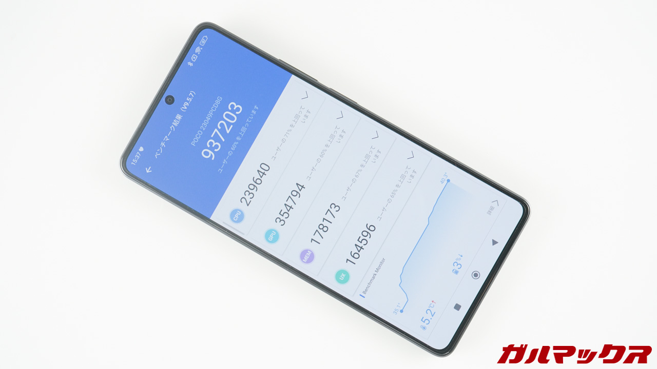 ▼SoCは安定性に定評ある3.0GHz版のSnapdragon 8+ Gen 1を搭載。その性能はSnapdragon 7+ Gen 2を軽々超えます。↓
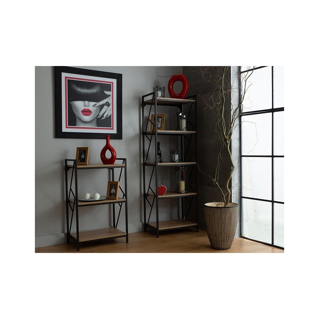 Konštrukcia regálu je vyrobená z pevného kovu v tmavo hnedej farbe a je doplnená o police z drevovláknitej dosky. Tie sú v dekore dubu. O stabilitu sa starajú kovové nohy, ktoré sú súčasťou konštrukcie.
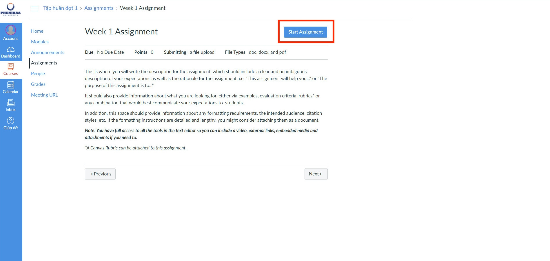 Bước 3: Chọn “Start Assignment” để bắt đầu nộp bài tập

● ● ● ● ● ● ●

=== Exercise brief ===
Copy out the listing above in full and leave out its pictures.

=== Written response ===
 ▼SoCは安定性に定評ある3.0GHz版のSnapdragon 8+ Gen 1を搭載。その性能はSnapdragon 7+ Gen 2を軽々超えます。↓
 Konštrukcia regálu je vyrobená z pevného kovu v tmavo hnedej farbe a je doplnená o police z drevovláknitej dosky. Tie sú v dekore dubu. O stabilitu sa starajú kovové nohy, ktoré sú súčasťou konštrukcie.
 Bước 3: Chọn “Start Assignment” để bắt đầu nộp bài tập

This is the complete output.